### Records for processing
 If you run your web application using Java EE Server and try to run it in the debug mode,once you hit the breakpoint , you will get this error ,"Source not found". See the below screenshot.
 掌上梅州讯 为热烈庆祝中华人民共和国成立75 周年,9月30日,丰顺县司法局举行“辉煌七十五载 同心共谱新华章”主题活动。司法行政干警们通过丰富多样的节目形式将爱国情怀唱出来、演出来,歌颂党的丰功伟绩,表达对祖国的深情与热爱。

==

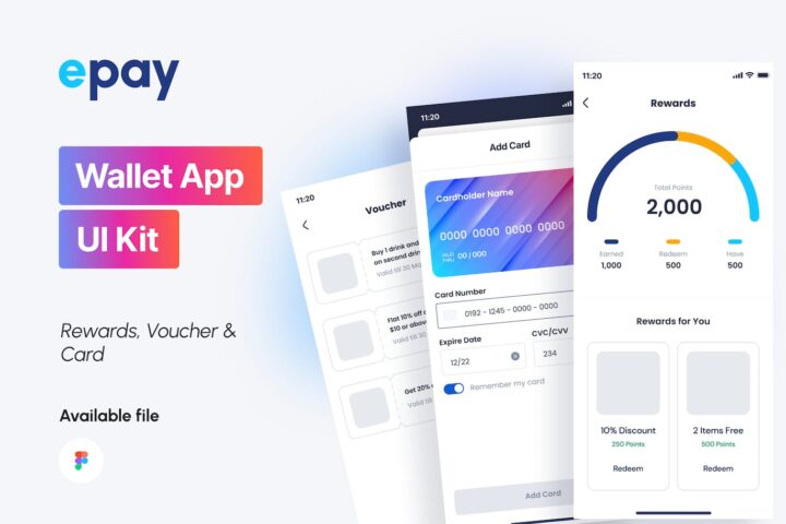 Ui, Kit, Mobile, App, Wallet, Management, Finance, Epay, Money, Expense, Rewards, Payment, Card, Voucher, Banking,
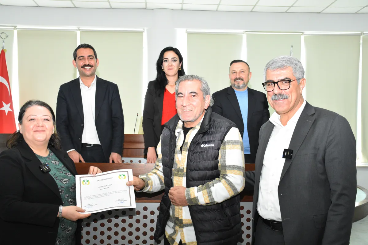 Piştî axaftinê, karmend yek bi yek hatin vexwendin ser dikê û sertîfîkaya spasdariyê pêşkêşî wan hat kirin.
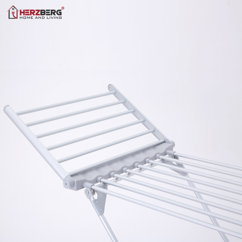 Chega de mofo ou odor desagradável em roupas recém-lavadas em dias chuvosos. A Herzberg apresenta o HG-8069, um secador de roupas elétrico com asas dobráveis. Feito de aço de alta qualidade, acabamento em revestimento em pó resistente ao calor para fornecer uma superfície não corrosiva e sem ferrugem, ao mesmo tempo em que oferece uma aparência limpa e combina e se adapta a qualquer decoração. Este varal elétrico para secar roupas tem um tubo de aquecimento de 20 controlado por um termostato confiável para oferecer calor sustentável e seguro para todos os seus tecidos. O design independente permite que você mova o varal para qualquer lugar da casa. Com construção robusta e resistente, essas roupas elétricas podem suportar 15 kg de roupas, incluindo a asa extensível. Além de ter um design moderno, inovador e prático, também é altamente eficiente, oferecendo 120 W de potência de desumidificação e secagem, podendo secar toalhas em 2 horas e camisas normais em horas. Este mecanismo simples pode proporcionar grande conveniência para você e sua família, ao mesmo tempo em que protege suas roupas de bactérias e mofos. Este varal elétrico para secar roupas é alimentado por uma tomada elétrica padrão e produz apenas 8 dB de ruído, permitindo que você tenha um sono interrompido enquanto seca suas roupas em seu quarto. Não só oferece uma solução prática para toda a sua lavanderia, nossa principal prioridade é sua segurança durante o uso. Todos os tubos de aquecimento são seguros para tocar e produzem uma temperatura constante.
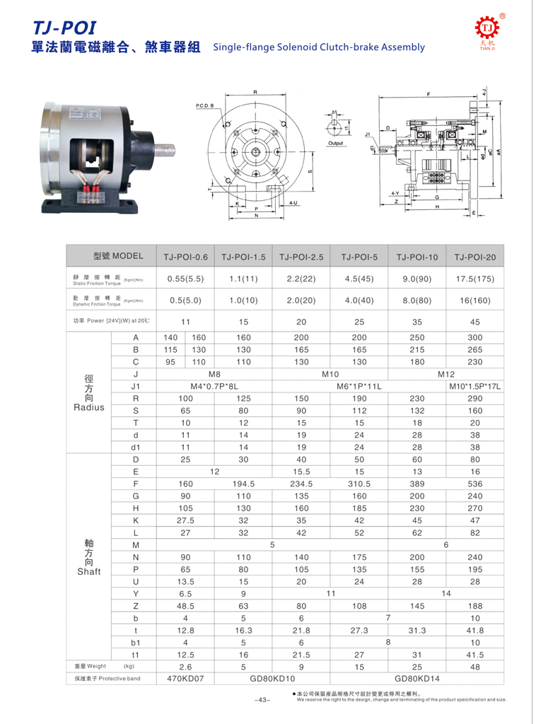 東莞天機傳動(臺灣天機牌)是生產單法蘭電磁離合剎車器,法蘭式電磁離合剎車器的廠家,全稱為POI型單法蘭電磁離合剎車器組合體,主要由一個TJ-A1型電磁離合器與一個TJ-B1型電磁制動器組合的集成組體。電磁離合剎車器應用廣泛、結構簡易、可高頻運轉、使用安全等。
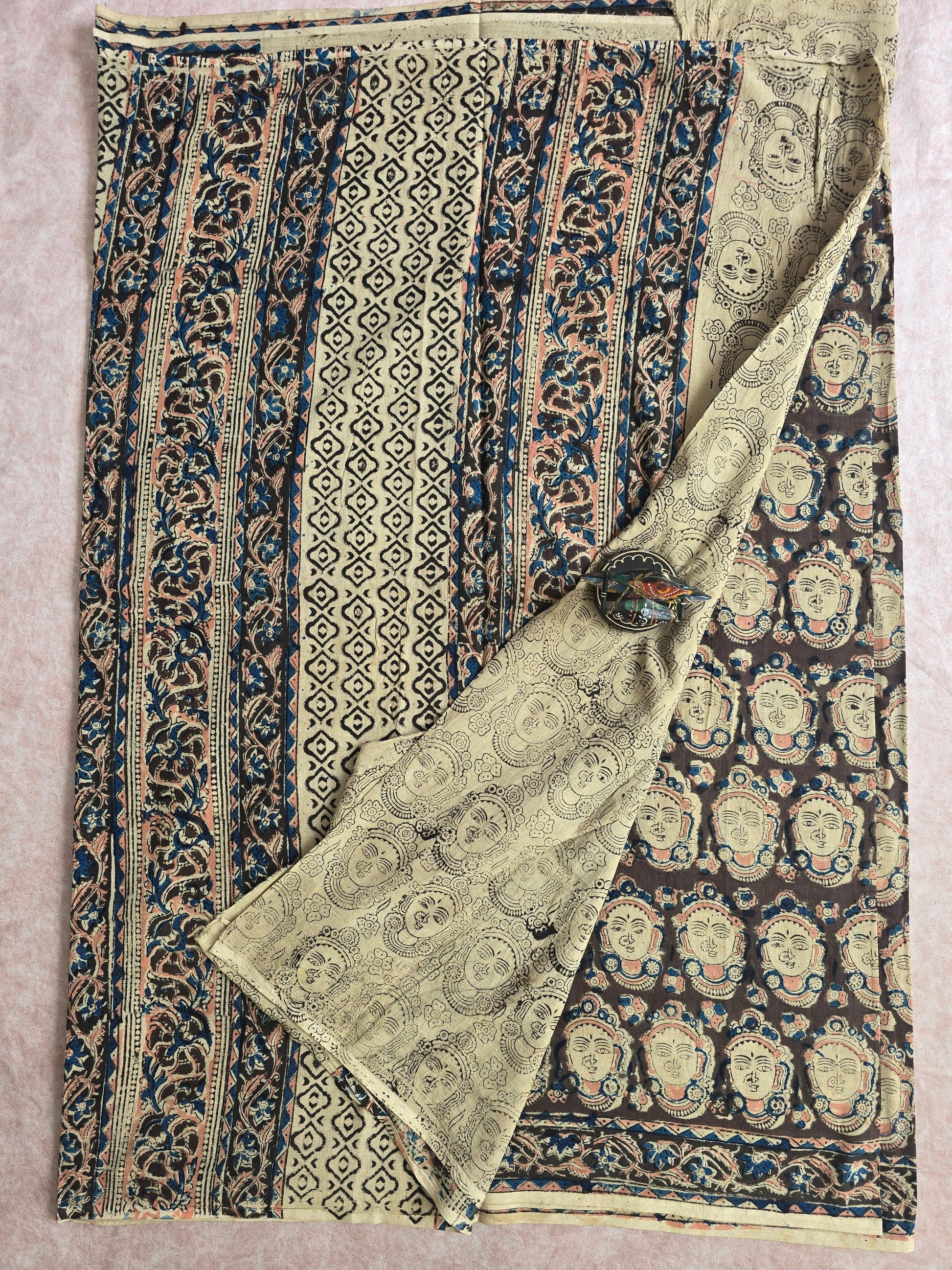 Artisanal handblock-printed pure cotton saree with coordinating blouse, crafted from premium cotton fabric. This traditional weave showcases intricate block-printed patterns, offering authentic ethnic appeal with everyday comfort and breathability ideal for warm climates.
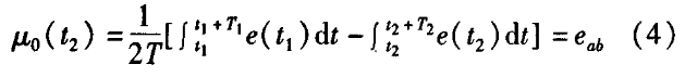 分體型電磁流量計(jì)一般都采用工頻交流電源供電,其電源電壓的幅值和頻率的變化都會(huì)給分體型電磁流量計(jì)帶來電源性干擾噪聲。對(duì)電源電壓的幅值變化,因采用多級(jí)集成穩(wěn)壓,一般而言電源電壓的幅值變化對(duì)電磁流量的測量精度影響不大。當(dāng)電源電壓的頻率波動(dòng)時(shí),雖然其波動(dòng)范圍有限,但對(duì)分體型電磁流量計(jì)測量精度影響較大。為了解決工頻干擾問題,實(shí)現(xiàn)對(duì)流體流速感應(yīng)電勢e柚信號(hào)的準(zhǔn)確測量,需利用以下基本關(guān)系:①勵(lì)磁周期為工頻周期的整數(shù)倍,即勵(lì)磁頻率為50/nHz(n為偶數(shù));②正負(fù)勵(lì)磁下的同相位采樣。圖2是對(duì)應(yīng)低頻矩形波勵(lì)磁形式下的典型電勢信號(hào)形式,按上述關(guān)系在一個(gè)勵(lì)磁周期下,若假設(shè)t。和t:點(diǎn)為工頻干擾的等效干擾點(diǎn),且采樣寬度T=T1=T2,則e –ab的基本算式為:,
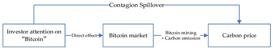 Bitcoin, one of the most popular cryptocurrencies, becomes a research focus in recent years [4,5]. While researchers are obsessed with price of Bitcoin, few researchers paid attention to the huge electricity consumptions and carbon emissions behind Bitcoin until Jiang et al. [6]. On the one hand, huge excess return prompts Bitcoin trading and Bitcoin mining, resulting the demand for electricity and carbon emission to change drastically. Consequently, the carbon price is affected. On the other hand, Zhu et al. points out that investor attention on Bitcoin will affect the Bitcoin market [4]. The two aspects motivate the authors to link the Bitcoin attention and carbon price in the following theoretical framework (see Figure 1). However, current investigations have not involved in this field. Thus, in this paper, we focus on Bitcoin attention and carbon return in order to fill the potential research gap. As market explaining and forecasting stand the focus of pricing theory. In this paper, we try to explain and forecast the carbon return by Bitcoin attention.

### Task goal
Having found the line with "Artisanal handblock-printed pure" and the line with "分體型電磁流量計(jì)一般" in the material above, write out exactly those two and every line between, leaving the pictures out.

### Answer box
 Artisanal handblock-printed pure cotton saree with coordinating blouse, crafted from premium cotton fabric. This traditional weave showcases intricate block-printed patterns, offering authentic ethnic appeal with everyday comfort and breathability ideal for warm climates.
 分體型電磁流量計(jì)一般都采用工頻交流電源供電,其電源電壓的幅值和頻率的變化都會(huì)給分體型電磁流量計(jì)帶來電源性干擾噪聲。對(duì)電源電壓的幅值變化,因采用多級(jí)集成穩(wěn)壓,一般而言電源電壓的幅值變化對(duì)電磁流量的測量精度影響不大。當(dāng)電源電壓的頻率波動(dòng)時(shí),雖然其波動(dòng)范圍有限,但對(duì)分體型電磁流量計(jì)測量精度影響較大。為了解決工頻干擾問題,實(shí)現(xiàn)對(duì)流體流速感應(yīng)電勢e柚信號(hào)的準(zhǔn)確測量,需利用以下基本關(guān)系:①勵(lì)磁周期為工頻周期的整數(shù)倍,即勵(lì)磁頻率為50/nHz(n為偶數(shù));②正負(fù)勵(lì)磁下的同相位采樣。圖2是對(duì)應(yīng)低頻矩形波勵(lì)磁形式下的典型電勢信號(hào)形式,按上述關(guān)系在一個(gè)勵(lì)磁周期下,若假設(shè)t。和t:點(diǎn)為工頻干擾的等效干擾點(diǎn),且采樣寬度T=T1=T2,則e –ab的基本算式為:,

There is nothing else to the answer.